The default early log buffer size is not big enough for my 64-bit kernel, the kernel disabled kmemleak and report this log if the log buffer exceeds the limit:
[ 0.000000] kmemleak: Kernel memory leak detector disabled
[ 0.000291] kmemleak: Early log buffer exceeded (1333), please increase DEBUG_KMEMLEAK_EARLY_LOG_SIZE
A kernel thread scans memory for unreferenced objects every 600 seconds, and prints below message if a suspected leak was found:
[ 646.473426] kmemleak: 1 new suspected memory leaks (see /sys/kernel/debug/kmemleak)
Do cat /sys/kernel/debug/kmemleak to see the leak info with stacktrace, and the
report will be similar to this:
The backtrace information can be decoded with script scripts/decode_stacktrace.sh.
Save the leak report as memleak.txt, the feed it to the script:
cat memleak.txt |./scripts/decode_stacktrace.sh vmlinux . mm/
The script translating offset to line number by using addr2line, make sure enable
CONFIG_DEBUG_INFO option to build kernel with debug info.

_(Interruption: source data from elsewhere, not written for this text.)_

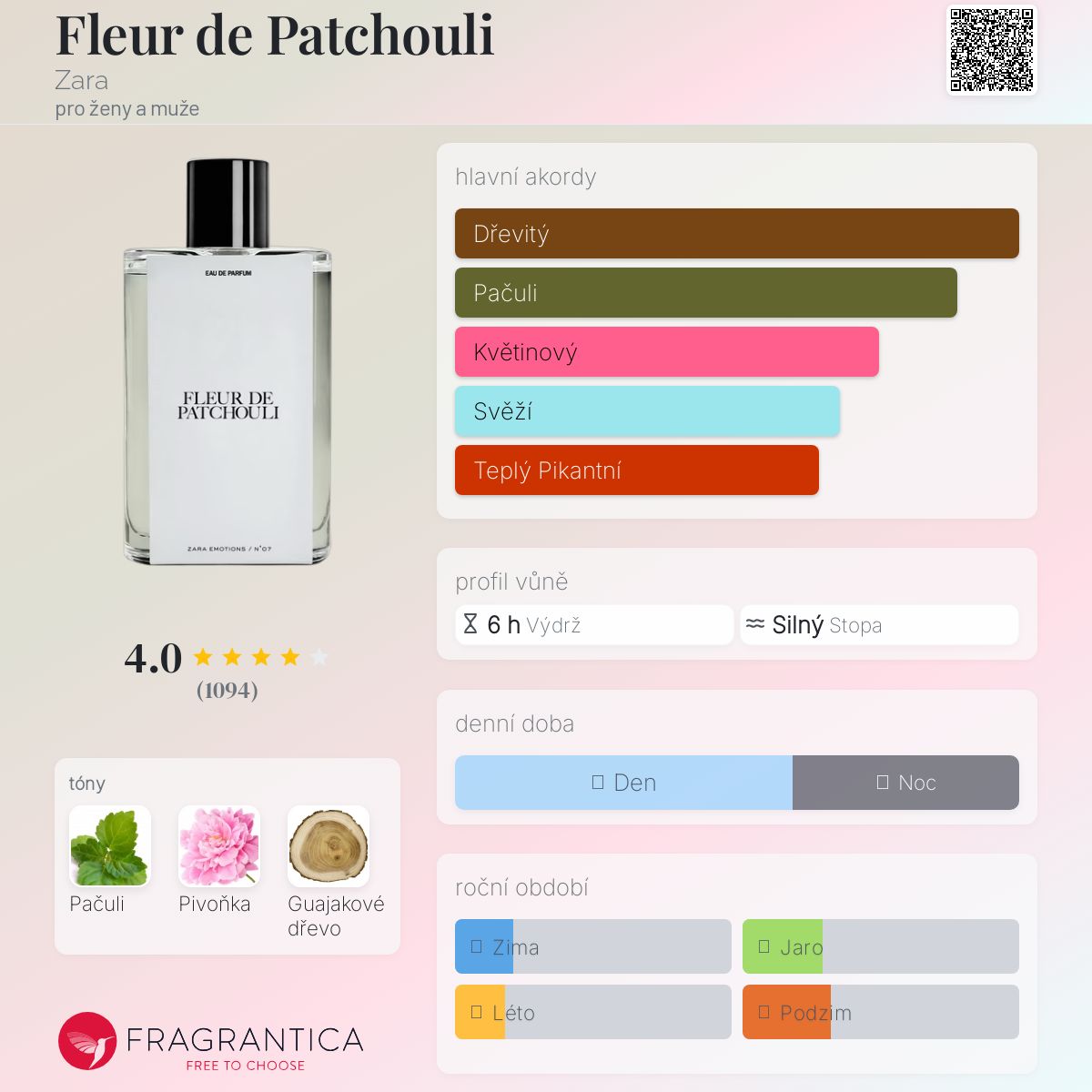 Fleur de Patchouli podle Zara je Woody vůně pro ženy a muže. Fleur de Patchouli byl/a uveden/a v roce 2019. "Nosem" za touto vůní je Jo Malone.
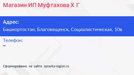 Магазин, ИП Муфтахова Х.Г. по адресу Башкортостан, Благовещенск, Социалистическая, 10в в дальнейшем Организация, размещена в следующих категориях:
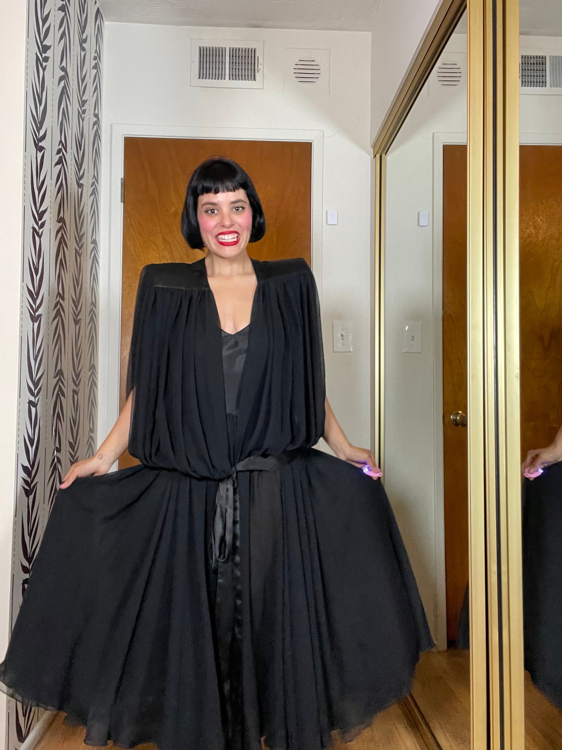 Dress Features: Side Zipper Closure / Silk Bodice / V Neck Line / Two Layered Silk Chiffon Skirt and Straps / Full Skirt / Solid Black Color / Drop Waist Silhouette / Inner Attached Waist Ties For Cinching / Best Fits Size M-L, Refer To Measurements
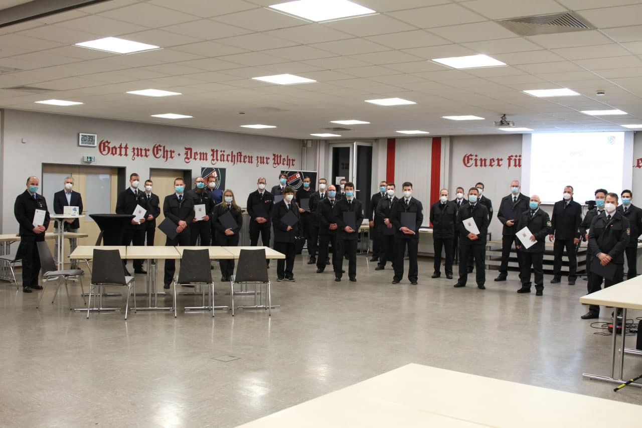 Vom stellvertretenden Stadtbrandinspektor Thorsten Ott konnten 18 Einsatzkräfte aufgrund erfolgreich besuchter Lehrgänge und Seminare in einen höheren Dienstgrad befördert werden.
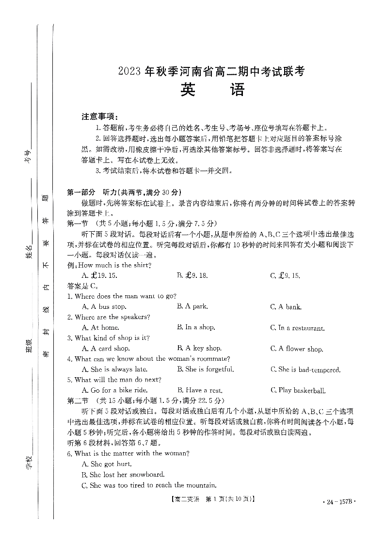 河南省部分名校2023-2024学年高二上学期11月期中考试试题英语
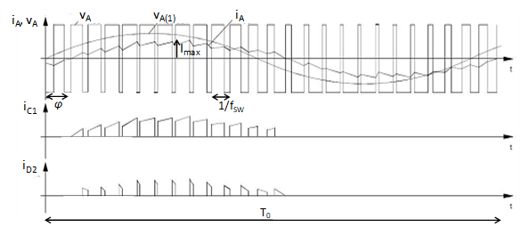 The method of loss calculation given in this document comes from the application notes of the two biggest manufacturers of power electronic switching components - ABB [1] and Semikron [2]. It is based on averaged computation of the conduction and switching losses over one period, , of the output frequency. The approach is applicable for single-phase or three-phase voltage source inverters using naturally sampled pulse-width modulation (PWM) and with sinusoidal output currents. Therefore, it is also fully applicable for grid connected applications and motor drive applications. Required data for the power electronics (PE) components are derived from their datasheets.
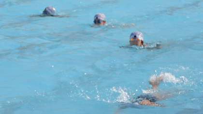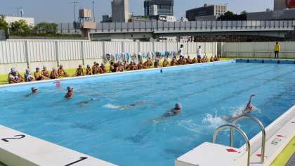 12日(金)、5・6校時に、4年生がプール納めをしました。ここのところ天候不順で、思うように水泳指導ができなかったのですが、今日は若干気温が低かったものの、降り注ぐ太陽の光の下、やっと1・2・4年生がプール納めにこぎつけました。今年度の成果を確かめる検定に取り組む4年生の子どもたちです。みんなの声援を受けながらがんばりました。

Use echo scan > /sys/kernel/debug/kmemleak to trigger memory scan and echo
clear > /sys/kernel/debug/kmemleak to clear current leak info.
KASAN
Kernel Address SANitizer(aka KASAN) is the kernel space address sanitizer, which
can be enabled by config option CONFIG_KASAN, there are two different compiler
instrumentations: CONFIG_KASAN_INLINE and CONFIG_KASAN_OUTLINE, personally I
recommend the former one, because it is 1.1 - 2 times faster, although, it produces
fairly large kernel image(39MB with DEBUG_INFO enabled), which may overlaps ramdisk
image, change ramdisk load address to followkernel to avoid boot issue with newly
built kernel, here is my KASAN configurations:
+CONFIG_DEBUG_INFO=y
+CONFIG_KASAN=y
+CONFIG_KASAN_INLINE=y
+CONFIG_TEST_KASAN=m
KASAN can be disabled on file or directory basis, take a look at mm/Makefile
and mm/kasan/Makefile for example:
# grep KASAN_SANITIZE mm/kasan/Makefile mm/Makefile
KASAN_SANITIZE := n
KASAN_SANITIZE_slab.o := n
With KASAN feature enabled, kernel will print following message at the very first stage, indicates KASAN was initialized:
[ 0.000000] kasan: KernelAddressSanitizer initialized
Linux kernel comes with an example in lib/test_kasan.c showing what kind of
memory bugs can be detected by KASAN, here is part of the report when doing insmod
test_kasan.ko:
[ 2237.155888] kasan test: kmalloc_oob_right out-of-bounds to right
[ 2237.162114] ==================================================================
[ 2237.169513] BUG: KASAN: slab-out-of-bounds in kmalloc_oob_right+0x90/0xc8 [test_kasan]
[ 2237.177567] Write of size 1 at addr ffffffd92cd1077b by task insmod/1472
[ 2237.184379]
[ 2237.185917] CPU: 3 PID: 1472 Comm: insmod Tainted: G B 4.14.129-v8+ #27
[ 2237.193789] Hardware name: Raspberry Pi 3 Model B Plus Rev 1.3 (DT)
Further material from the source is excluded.